Più di 400 città e cittadine palestinesi (comprese case, attività commerciali, luoghi di culto) furono sistematicamente distrutte dalle forze israeliane e ripopolate con popolazione ebraica immigrata dall’Europa e da altre parti del mondo tra il 1948 e il 1950. Oltre 1,7 milioni di ettari di terra palestinese furono espropriati con un danno economico (mai risarcito) stimato tra 100 e 200 miliardi di dollari per i palestinesi espropriati.

E’ storicamente documentato che la Nakba (come venne definita e ricordata quella tragica stagione), al fine di creare un clima di terrore e di facilitare così la più rapida ed efficace espulsione dei palestinesi, è stata punteggiata da una fitta serie di feroci massacri da parte delle bande sioniste.
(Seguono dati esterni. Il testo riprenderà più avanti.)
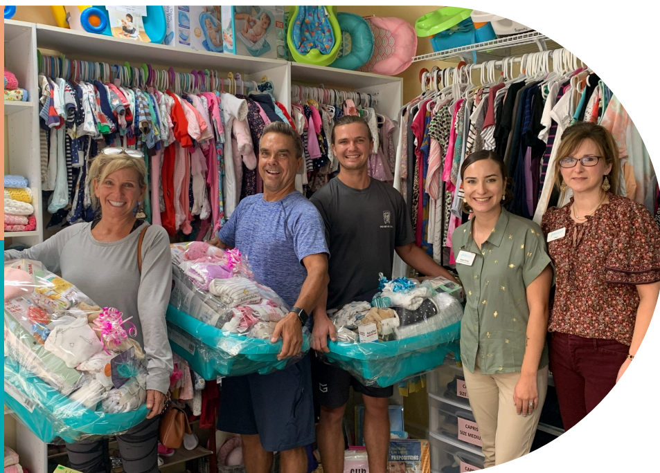
Pictured: Small Group from Eleven22 delivering Layette Sets to our Clay County Center!

The following pages contain more information on each type of gift set to help you get started.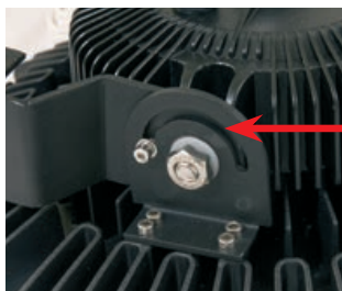
Inclination micro adjustment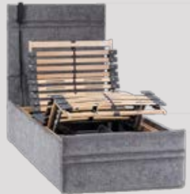
Adjustable beds, divans, upholstered frames and mattresses all made in our Ipswich factory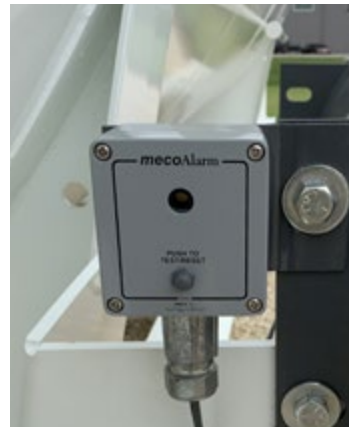
MECO OVERFILL ALARM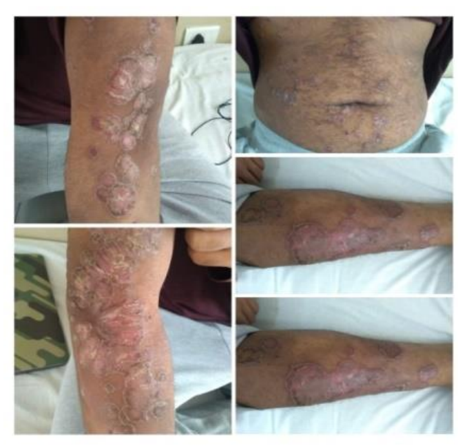
Figure 1 (Before treatment) Skin examination: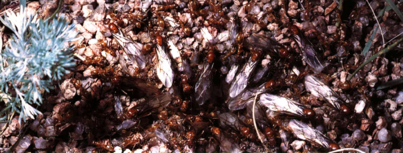
Winged queens and winged males leaving M. mexicanus nest just before mating flight.

I went to Australia in 1984 to locate honey ants and, after some difficulty, found them with the help of an Aboriginal family near Alice Springs. Although several honey ants are found in Australia, only the large repletes of C. inflatus are eaten by Aborigines. In July and August, 1987, I returned with three Earthwatch expeditions to determine nest architecture, density, population size, food sources, foraging patterns, and intra- and interspecific interactions.

Il più famoso si verificò a Deir Yassin il 9 aprile 1948, quando più di 100 uomini, donne e bambini palestinesi furono assassinati dai paramilitari sionisti appartenenti alle due banda Stern e Irgun, rispettivamente guidate da Yitzhak Shamir e Menachem Begin, futuri primi ministri israeliani. Oltre al gruppo Stern e all’Irgun, operò anche la famigerata banda Haganah.

Per sancire anche etnicamente l’esproprio violento delle terre, il governo israeliano, allora guidato da David Ben Gurion, nominò un “comitato per i nomi del Negev”, il Naming Committee del Jewish National Fund, che tra il maggio 1948 e il marzo 1951, assegnò 200 nuovi toponimi.

Oggi, dopo la Nakba, e dopo tutte le successive operazioni di espulsione forzata condotte dai diversi governi di Israele, la popolazione palestinese di rifugiati e sfollati è di circa 7,1 milioni, composta da 6,6 milioni di rifugiati in altri paesi e da 427.000 sfollati interni. Tutti questi vivono nei campi profughi della Cisgiordania occupata, a Gaza e nei paesi limitrofi, a volte a poche miglia di distanza dalle case e dalle terre da cui sono stati espulsi. Trasgredendo numerose risoluzioni internazionali, Israele nega a tutti il diritto di tornare in patria, semplicemente perché non sono ebrei.

La Nakba non terminò nel 1948 ma continua ancora oggi, sotto forma di continua colonizzazione israeliana della terra palestinese per creare e ampliare gli insediamenti delle comunità ebraiche all’interno di Israele, attraverso la distruzione delle case palestinesi, la confisca dei terreni agricoli, la revoca dei diritti di residenza, le deportazioni, periodiche brutali operazioni militari, aggressioni con centinaia e migliaia di vittime civili, come quelle che hanno avuto luogo a Gaza nel 2008/9 e nel 2014.

Quanto a Gerusalemme, la città storica è stata deturpata e devastata attraverso l’installazione prima nella periferia ovest e poi, negli ultimi anni anche in quella est, di vasti insediamenti moderni destinati ai nuovi immigrati ebraici. Nel 1980 lo stato di Israele, attraverso l’ennesima violazione delle deliberazioni internazionali, ha decretato attraverso una “legge fondamentale” l’intera città, compresa la parte araba, parte dello stato sionista e capitale “di l’annessione fu solennemente sancita da una ‘legge fondamentale’ che proclamò G. capitale ‘”unita e indivisibile” dello stato di Israele.

Il Consiglio di sicurezza dell’ONU invitò gli stati a non riconoscere questo atto unilaterale e a mantenere a Tel Aviv (nella capitale internazionalmente riconosciuta le rappresentanze diplomatiche. Nonostante questo invito, gli Stati uniti nel 2017 (sotto la presidenza di Donald Trump) vi trasferirono la sede diplomatica fino a quel momento situata a Tel Aviv. Joe Biden non ha revocato quella decsione. Dopo gli Stati Uniti, anche Guatemala, Honduras e Kosovo hanno trasferito la propria ambasciata a Gerusalemme. Australia, Ungheria, Repubblica Ceca e Serbia si sono limitate ad aprire nella città santa uffici di rappresentanza dedicati al commercio o alla difesa.